#2 in the “Mysterious God” series
I love the imagery in John chapter 5. There is a pool in Jerusalem by the sheep market. The name of the pool is Bethesda. On any normal day the water would be decently clean, used for bathing, and further upstream at the upper pool, for drinking. But every so often something extraordinary would happen. An angel would come and trouble the waters. Stir them up, disturb the molecules, and send them away vibrating with so much life that the first person in the water would be healed.
Contrast this picture with that of an abandoned fish pond in your neighbor’s backyard. There is still water in the pond, if you could call it that. There is no movement, no current, no life; save the algae that grows thick on top. The only reaction you have is to hold your nose and wonder how many thousands of mosquitoes are breeding at this very moment.
If you were given the choice between a pool visited by an angel and a stinky, moldy fish pond, which would you choose for your backyard?
Right. No brainer. Ok, then, what if one of these was the picture of your spirit? Which would you choose?
Did you think the question just got easier? Perhaps. But the application got a whole lot harder.
Allowing our spirits to get stirred, disturbed, disrupted and overwhelmed with life is not as easy as it is desirable. The stirring leaves us most vulnerable to a mysterious God, an unsearchable God, a God who is profoundly more good than He is safe. We shy away from the unpredictable and the unknowable. Anything that jolts us out of our perspective, re-arranges the molecules of our very being, sets us on our ear, and leaves our heads spinning has a tendency to remind us of just how little we are and how enormously BIG God is.
Troubled the waters.
Why does that stand out me? It speaks to me about wonderment. Awe. Intrusions upon your life, bursts of heavenly color, simple beauties and intricately complex challenges. He infuses the molecules of your spirit with the frequency of His glory. Who is this God you serve? If you can hardly comprehend what you just experienced, could you ever hope to understand everything about Him? No. Not ever. But the life comes in the asking, in the wondering, in the willingness to ask and leave the questions unanswered. This is your invitation for Him to come and stir the waters.
What keeps you from giving it? Perhaps you are not even aware of the moment when you stopped inviting Him. As a new Christian you may have been full of wonder and faith enough to move mountains. You wanted God to whip your spirit into a froth. You rejoiced over the perpetual state of wonderment, it was all part of the glorious encounter with your Savior. But slowly over the years, or perhaps all in one painful lump, the permission to stir grew restricted, the angel visited less and less and the first signs of algae appeared. You no longer wanted to be disturbed. You were content with your worldview, not realizing that there is no neutral. Not to grow means you will begin to shrink. Perhaps it was out of a desire for comfort and safety, perhaps it was because of woundedness or a lack of legitimacy.

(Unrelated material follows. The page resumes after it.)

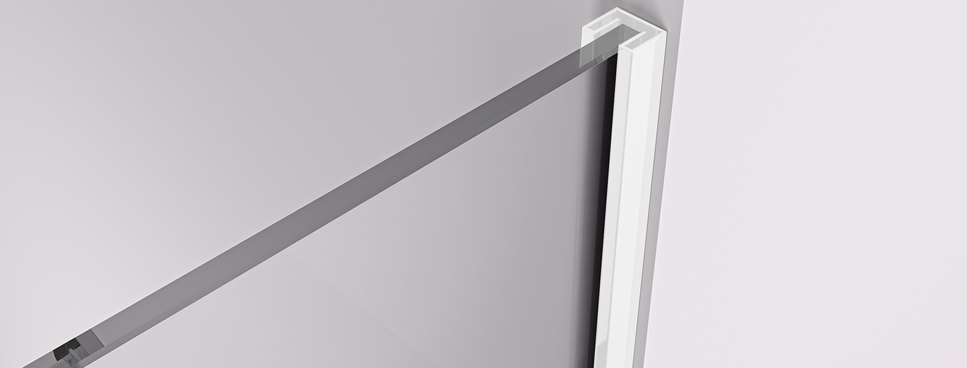 Konštrukcia sprchovej zásteny umožňuje pomocou profilov, ktoré je možné zapustiť úplne alebo len čiastočne (14 mm, do obkladov či dlažby), skryté uchytenie skla bez rušivých vzpier . Výsledkom je dizajnovo čisté a elegantné riešenie , ktoré podčiarkuje moderný vzhľad kúpeľne a zaisťuje maximálnu vizuálnu ľahkosť priestoru .
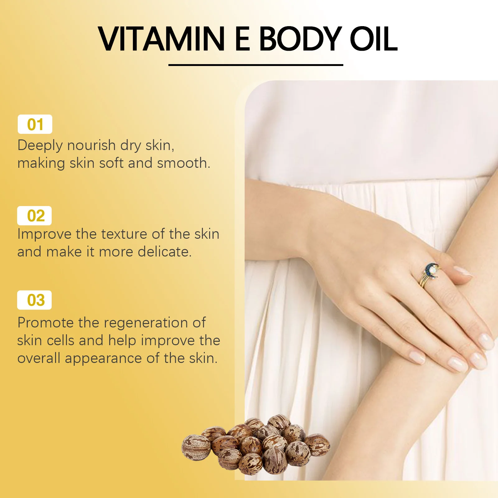 Vitamina E en aceite hidratante cuidado de la piel aclarante reafirmante masajeador corporal aumenta la elasticidad de la piel Vitamina E para aclarar la piel

In the end, if we are afraid of the unanswerable, if we must be in control, if we must not be vulnerable, then we will continue to shrink in upon ourselves until the life waters of our spirit become stagnant. It is like the abandoned fish pond that is never stirred, never refreshed, never troubled, and so becomes a putrid breeding ground for mosquitoes.
Troubled the waters.
We were made for awe. We were made to embrace a mysterious God and day by day, minute by minute to experience and express the wonderment of His ways. The enemy means to belittle and reduce, our God to expand and fulfill. The pool at Bethesda stands for me as not only a window into the works of our Lord, but also as a representation of the life made to flow in and through our spirits.
Having said all that, we can assume the answer to the question of which pool you would like your spirit to be.
So, let’s ask a second question.
Which one of the two pools is your spirit?
So why do people change from seeking the wild stirrings from God to seeing them as too risky? It seems to be a fairly predictable pattern from new believers to well grounded believers who know the Word and understand the Kingdom. What is it about the conventional pathway to maturity that seems to smother our willingness to be changed by a mysterious God?
I have wondered if some of the underlying legitimacy issues get overwhelmed by the immensity of the new experience. That lasts for a while, but eventually they start to come back, along with a whole new breed of religious legitimacy crutches. I also think of a statement I have heard quite often about having too much to lose. In my own experience it has had a whole lot to do with settling the source of my legitimacy so I am not threatened, and God forcing me to wrap my arms around an unpredictable world. It was either be an emotional wreck most of the time or accept that rarely is there a complete absense of tension, loose ends, and untidy events. In the course of the growth I discovered just how much I had limited God to something I could manage.
I believe we close in upon ourselves and ask God to stay in the vestibule after those first months or years of enraptured bliss just because He is so wild and wonderful. There is a crossing over that must come if we are going to live in that state. Most of us crave normalcy and sameness, even though we would articulate the needs for change and romance and adventure. And those experiences with God can be so awe-ful and painful, too. After all, is He safe? He is a lion, of course He isn’t safe. But He is good.